Das Ausmaß des Vertrauens bzw. des Zutrauens, dass mir nichts passiert, wenn ich etwas sage, und das Vorhandensein systematischer Vorbereitung und Auswertung bzw. eines kontinuierlichen Lernprozesses gab den Ausschlag, ob die Aneignung neuer Routinen erfolgreich war oder nicht.
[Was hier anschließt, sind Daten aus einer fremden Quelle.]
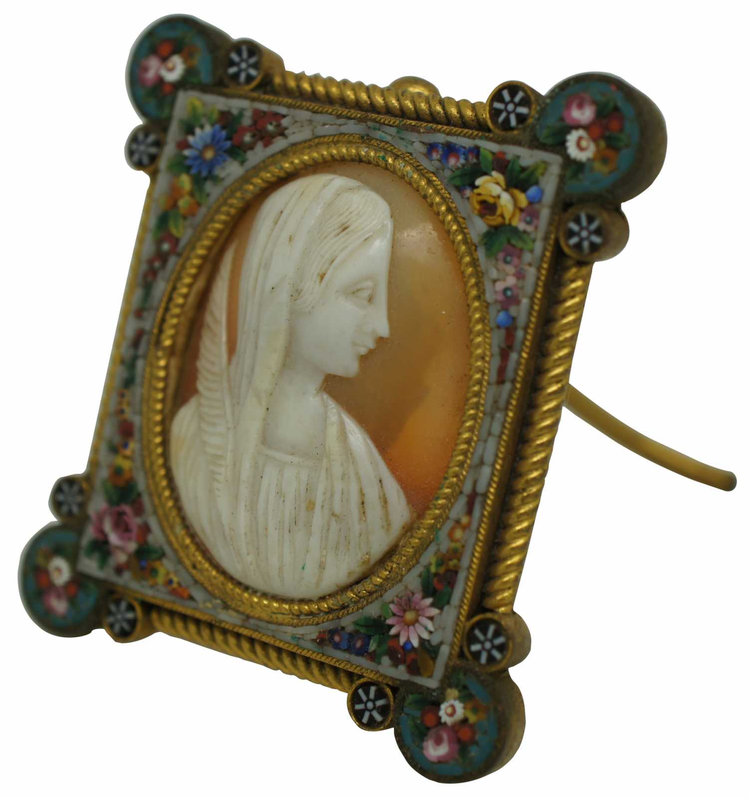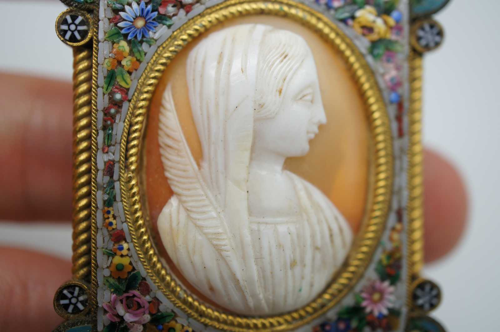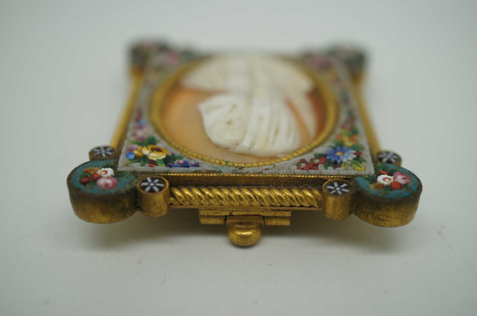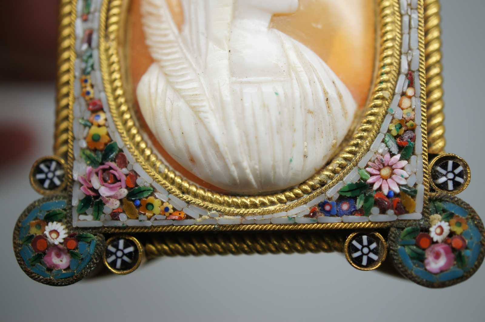 Fabbrica Angelo Pessar Exquisite antique floral micro mosaic and gold tone frame marked FAP with a folding kick stand, surrounding a peachy-orange and white shell cameo featuring a neoclassical veiled woman holding a feather, attributed to the Virgin Mary.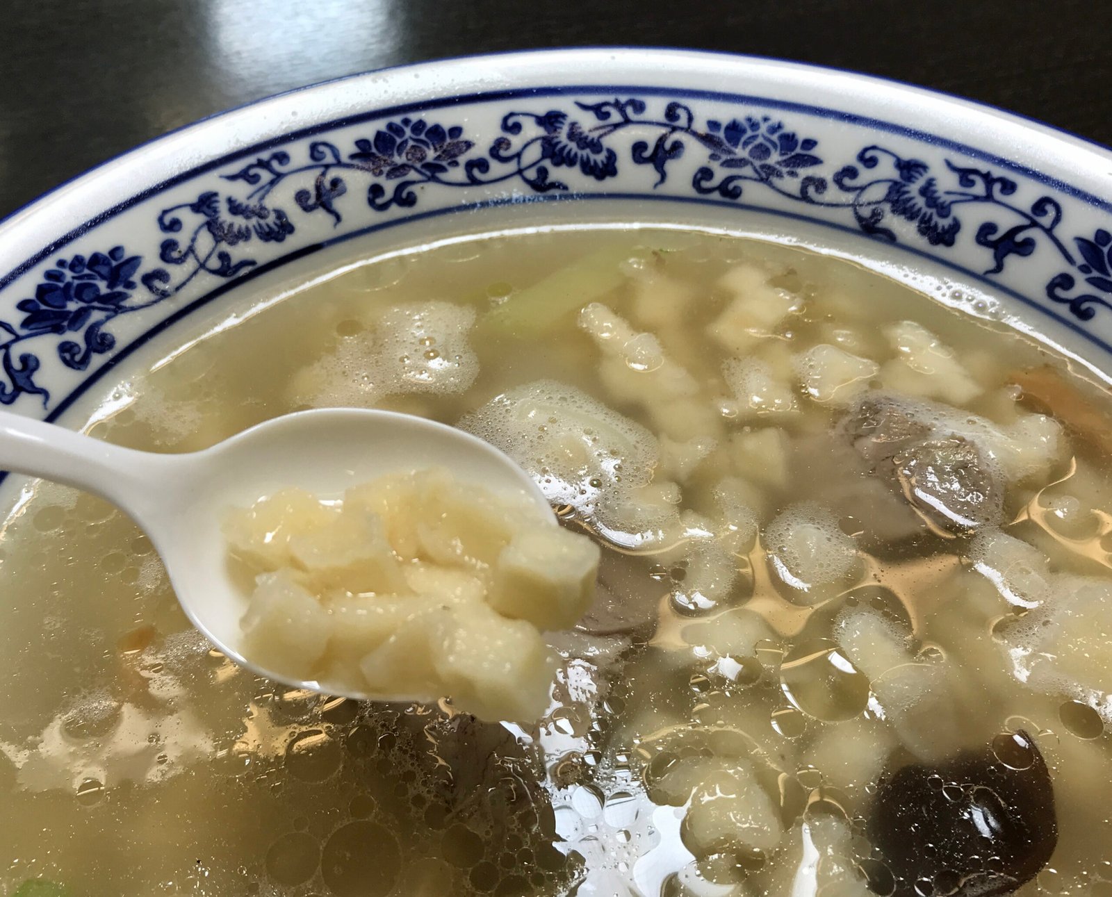 There was a scant three slices of lamb in the soup; which was actually nice and "muttony". Like I've said before, the "pao mo" that I've had in the states leaves much to be desired as it's really just gummy dough.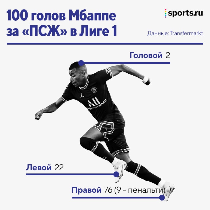 • Мбаппе всего 22 – он уже забил сотню только за «ПСЖ» (и только в Лиге 1). Темп просто бешенный.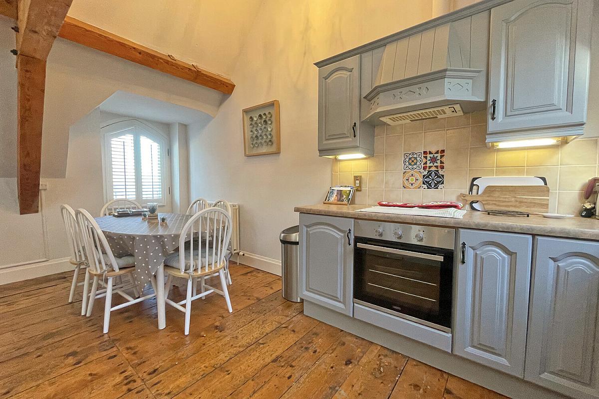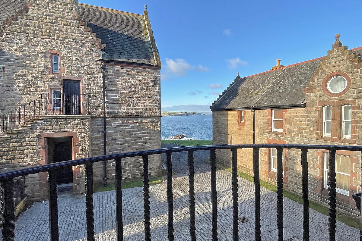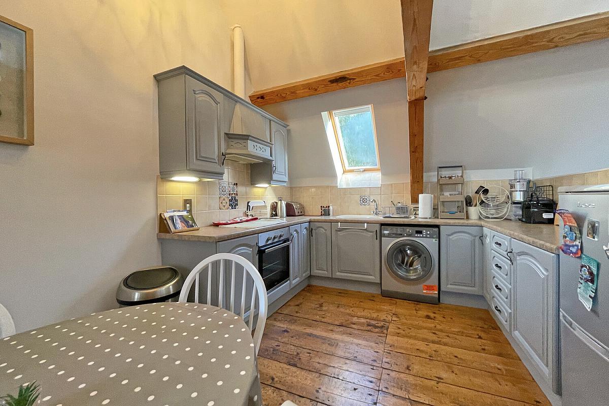 Range of fitted units; laminate work surfaces; sink; electric oven & hob with extractor unit over; space for fridge; plumbed for washing machine; Juliet balcony with partial sea views.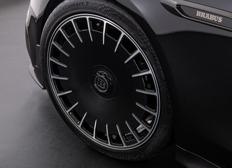 Basis für den neuen Brabus 930 ist der Mercedes-AMG S 63 E Performance. Er beschleunigt aus dem Stand in 3,2 Sekunden auf 100 km/h und ist elektronisch auf eine Höchstgeschwindigkeit von 290 km/h begrenzt. Zum ersten Mal werden auf diesem neuen Supercar die 22 Zoll großen Brabus Monoblock ZM „PLATINUM EDITION“ Räder eingesetzt. Der Veredler aus Bottrop bereift sie an der Vorderachse mit dem SportContact 7 in der Größe 265/35 ZR 22. Auf der Hinterachse kommt der Reifen in der Größe 295/30 ZR 22 zum Einsatz. Er passt damit zu dem neuen Style der Hightech-Felgen, die in einem aufwendigen Schmiede- und CNC-Bearbeitungsprozess entstehen. Sie zeichnen sich durch ihren konkav geformten Radstern sowie die Kombination von großflächigen, schwarz lackiertem Scheibendesign im Radzentrum und 20 filigrane Speichen mit polierter Oberfläche aus.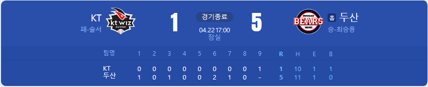 두산의 선발투수로 등판한 최승용선수가 5이닝 동안 무실점 호투를 보여주며 시즌 첫 승을 따냈고, 이어 나온 3명의 불팬진도 KT의 타선을 단 1 실점으로 꽁꽁 묶으며 승리를 지켜냈습니다.

Ähnlich ist es auch in anderen Organisationen, die grundsätzlich mit einem hohen Risiko für ihre Kunden operieren, zum Beispiel in der Luftfahrt: Wie gelingt es bspw. einer Airline, möglichst keinen Personenschaden zu verursachen — und dabei auch noch effizient zu sein? Man lernt als Organisation immer nur dann etwas, wenn etwas zum ersten Mal gelingt oder etwas nicht funktioniert. Was beim Papierflieger-Falten in einem Hort völlig ok sein mag, ist im Falle einer Airline tödlich, nämlich Lernen durch Versuch und Irrtum. Dennoch sind früher in der Luftfahrt viele Menschen genau durch Trial and Error gestorben. Daraus hat man gelernt und relativ „harte“ Routinen eingeführt. Wir leben heute in einer vergleichsweise etablierten Phase der Luftfahrt und können uns die Frequenz der „tödlichen Lerneffekte“ vielleicht nicht mehr vorstellen. Aber es gibt heute eine ganze Reihe von Mechanismen, die im Sinne kontinuierlich durchzuführender Sicherheits- und Lernroutinen dazu dienen, die Organisation fehlerarm und möglichst unfallfrei zu halten. Diese Routinen sind quasi in der Konsequenz jener teuer erkauften Lerneffekte entstanden. Dazu gehört eine ebenso verpflichtende wie offene Kommunikation zur Vorbereitung und Nachbereitung der Arbeit im Einsatz. Und dabei ist psychologische Sicherheit entscheidend: Die Frage, ob sich jemand traut, auf eine potentielle Gefahrenquelle oder einen potentiellen Fehler hinzuweisen oder nicht, entscheidet im Zweifel über Leben oder Tod — und kann zu einer kontinuierlichen Verbesserung der Praxis in einer betreffenden Organisation beitragen.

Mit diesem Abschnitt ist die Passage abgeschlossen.